The scatter plot shows the distance for probed pairs in the upper part and connected pairs in the lower part. This is only shown when an element is selected and corresponds to the distance vs connection probability relationship shown in the plot below. The lighter background shade is the 95% confidence interval. The grey line is the distance vs connection probability for All Connection Classes in the Matrix.
Appendix
PyQtGraph
PyQtGraph is a graphical user interface that heavily utilizes the QtGui platform in particular the GraphicsView framework. With regards to the Matrix Analyzer interface pyqtgraph allows you to easily interact with plots. Below is a list of just a few of the main features built into pyqtgraph.
Axis Manipulation
All of the plot panels can be zoomed in and out with the mouse wheel, or by holding right-click and dragging the mouse to scale axes non-symmetrically
You can also hover over an individual axis and scroll up or down to expand or contract that axis
To return to autoscale, click the A in the bottom left corner
Context Menu
View All – autoscale’s axes
X/Y-Axis – set manual axis bounds, invert axis orientation
Plot Options – a variety of options to transform the plot display including transforming the x- and/or y-axis to a log scale, adding a grid, etc.

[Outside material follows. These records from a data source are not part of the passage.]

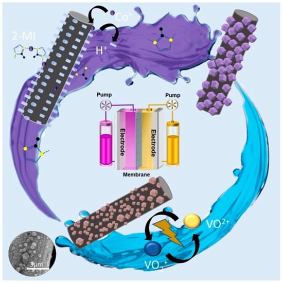 Recently, carbon-based electrodes such as activated carbon (AC), carbon nanoparticles, carbon nanotubes, and graphene-based nanosheets have been widely studied. These can improve the specific surface area of a CF electrode and catalyze the redox reaction, but its resistance will be higher. So, the combination of carbon-based materials with metal elements has been studied in order to effectively catalyze the vanadium redox couples. For example, platinum with high electric conductivity and stability was mixed with carbon black and graphene. Tseng et al. [32,33,34] investigated the reaction rate of VRFBs by PT/C (Vulcan XC-72). It was reported that the Co-based metal–organic framework (Co-MOF) ZIF-67 was a perfect carbon material for lithium batteries due to its porous structure. GE et al. [35] reported on a GF electrode that was pasted with CoP that could effectively promote the V(Ⅳ)/V(Ⅴ) redox reaction, and the CoP power was synthesized by direct carbonization of ZIF-67.
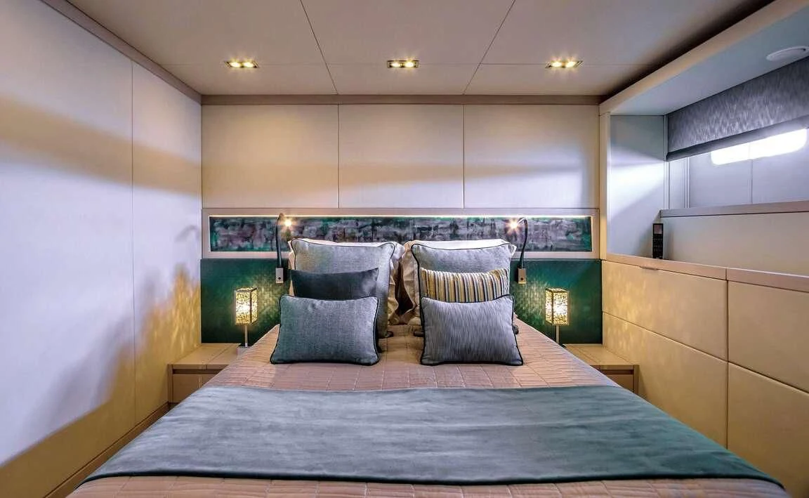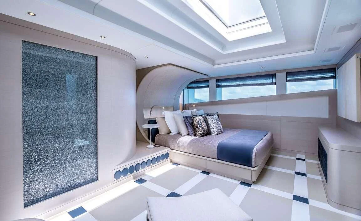Stepping inside the QUEEN ALLA reveals an interior that exudes sophistication and style at its finest. Every corner reflects meticulous attention to detail by renowned designers who have seamlessly blended modern aesthetics with timeless elegance. A soothing color palette graces each room, creating an atmosphere of tranquility that resonates throughout the yacht's five luxurious cabins which can accommodate up to ten guests comfortably.
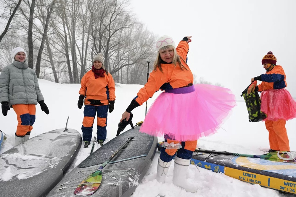 В Новосибирске также решили спортивно отметить праздник - участники клуба сапсерфинга провели заплыв по реке Оби, посвященный Международному женскому дню.
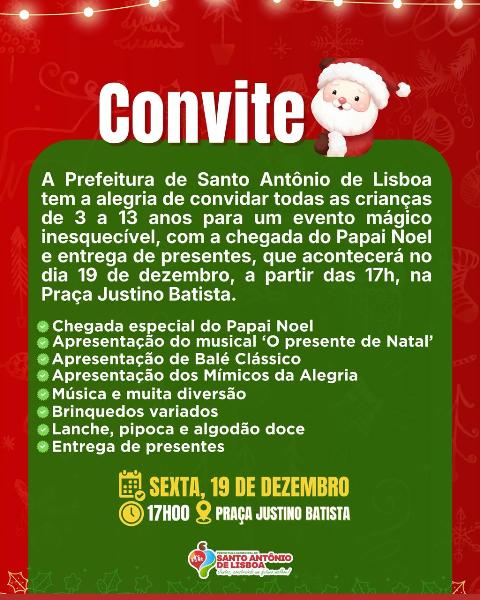 O encanto e a magia do Natal mais uma vez tomarão conta da cidade de Santo Antônio Lisboa.
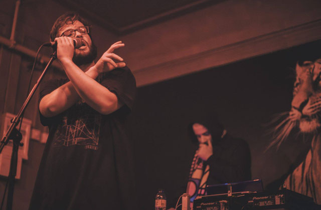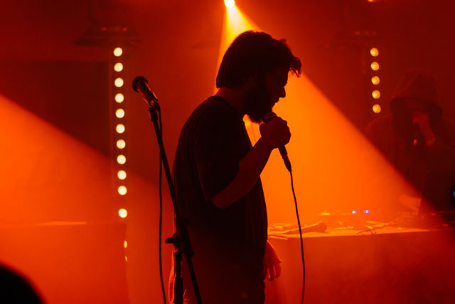 Como artista de palco, Caronte estrou-se no Damas. Conta-se que foi uma belíssima noite de estreia. Tendo sido apresentado por VULTO., após os sets dos mais antigos membros dos Colónia, Caronte cantou «Miguel» e fundiu-se com o eflúvio de suor e cerveja como se sempre tivesse feito parte dele. Nessa noite, não estive presente; mas lembro-me bastante bem do meu primeiro contacto com Caronte. Foi no Anjos 70. Nas noites de deambulação, o Anjos 70 nunca era o princípio ou o fim da linha. Demasiado cheio ou vazio: é assim que me lembro do sítio. Na noite de Caronte, não estava nem cheio nem vazio. E, surpreendentemente, não cheirava sequer a suor. O público, maioritariamente formado por hipsters cheirosos que admiram os Capitão Fausto, torneava Caronte e VULTO. com tímidos tombos de cabeça. E enquanto Caronte se arrastava pelas sombrias melopeias, VULTO. gritava: «HIP-HOP TUGA!». Um amigo que levei comigo não ficou especialmente impressionado com os gritos de VULTO., e encontrou neles um cinismo esteticamente inapropriado; um cinismo que – como quase todos os cinismos – não acrescenta nada e ainda tira alguma coisa. Concordo com esse meu amigo; os gritos de VULTO. foram anticlimáticos. Mas denunciaram uma atitude defensiva que me interessou, porque me pareceu em parte justificada: aquele não era o público de Caronte, e a acústica do Anjos 70 não fazia jus à sua voz. Do cinismo de VULTO. surdia o reconhecimento de que ele e Caronte estavam deslocados, ali dispostos no centro de uma sala de jantar vintage como entretenimento para encontros de Tinder (contra o ego de VULTO., os fãs dos Capitão Fausto pareciam de facto muito entretidos por aquele hip-hop tuga tão mais intelectual do que o de Sam the Kid; e, pondo-me no lugar deles, Caronte parecia quase um Halloween branco que trocava a Póvoa de Santo Adrião pela Almirante Reis). É verdade que o concerto não foi bom, mas foi sem dúvida interessante; tendo-me apresentado a Caronte e à atitude refrescante dos Colónia.
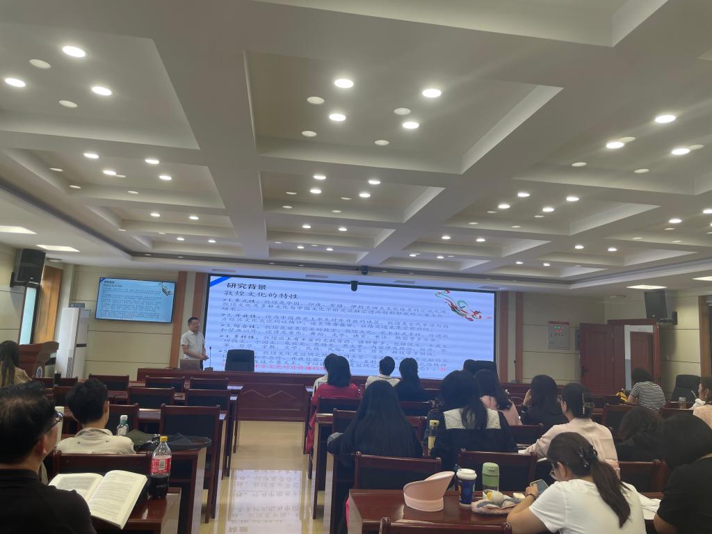 会议特邀beat365在线唯一官网原副校长、甘肃文化翻译中心主任、翻译学科带头人姜秋霞教授为全体教师作了题为《敦煌文化翻译中的译写研究——一种方法论视角》的学术讲座。她从变易论的理论视角出发,提出敦煌文化翻译传播中的语言转换要以源语文化为本、以翻译为介、以传播功能为导向,讲述了敦煌文化中的语言的音、形、意、象及概念图式,介绍了文化翻译中需要实现的话语功能,并通过大量翻译实例深入分析了文化翻译与传播中如何开展译写研究。姜秋霞指出,敦煌文化具有开放包容和综合多元等特色,在对外译介中需要充分考虑其民族性,蕴涵性及形象性等主要特征,这样才能更好更准确地做好敦煌文化外译与传播工作。讲座最后,姜秋霞就如何开展翻译学科建设和敦煌文化翻译与老师们进行了深入的交流与探讨,并逐一解答了老师们提出的问题。
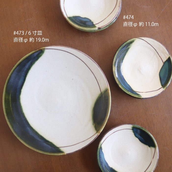 深緑が美しい織部釉を両サイドに配したデザインの瀬戸赤津焼(愛知)の6寸皿。薄くて浅い(フラットぎみ)形状なので、炒め物や揚げ物といった日々のおかず皿に使いやすそうです。

Export – copy or save the plot view as an image or SVG object
Data Filter Descriptions
Projects Projects are delineated by species, mouse or human. Selecting both, or neither, will have the same effect of showing data regardless of species
ACSF Multiple aCSF solutions were used in the experiments from which this data was collected. The primary difference was the calcium concentration which was either 2mM or 1.3 mM. A majority of the data was collected using a calcium concentration of 1.3mM. See Seeman, Campagnola, et al. eLife 2018 for a more in depth description and discussion on why these concentrations were chosen.
Internal Similar to aCSF, multiple pipette internal solutions were used in these experiments, the main difference being EGTA concentration. A majority of mouse data was collected using a concentration of 0.3mM EGTA while human data was collected using 0.3mM EGTA or No EGTA. See Seeman, Campagnola, et al. eLife 2018 for a more in depth description and discussion on why these concentrations were chosen.
Cell Classes
Define layer by: - The layer designation of a cell can be definied by the layer targeted during the experiment (target layer) or by the annotated layer from DAPI staining post hoc. See our webpage for more information about layer classification.
All Transgenic Classes – This class shows all of the transgenic classes organized by layer. Within each layer is 1-2 excitatory subclasses and the 3 major inhibitory subclasses, Pv, Sst, and Vip. It is best used with Mouse projects.
Excitatory Transgenic Classes – This class will show exclusively the excitatory transgenic subclasses. Because layer is a part of this class definition this matrix is also organized by layer. It can be combined with Inhibitory Transgenic Classes or Inhibitory Transgenic Classes by layer and is best used with Mouse projects.
Inhibitory Transgenic Classes by layer – This class will show all inhibitory subclasses combined and organized by layer.
Inhbitory Transgenic Classes - This class shows each inhibitory subclass collapsed across layers.
All Cells – This class will show all cells organized by layer. This matrix may be used with either Mouse or Human projects and is the best to view both projects simultaneously.
Pyramidal Cells – This class shows cells that were given a pyramidal morphology or spiny dendrite designation and is organized by layer. This is best used for Human projects, though can also be used for Mouse projects.
Non-Pyramidal Cells – This shows cells that were given a non-spiny dendrite designation and is organized by layer. It can be combined with Pyramidal Cells.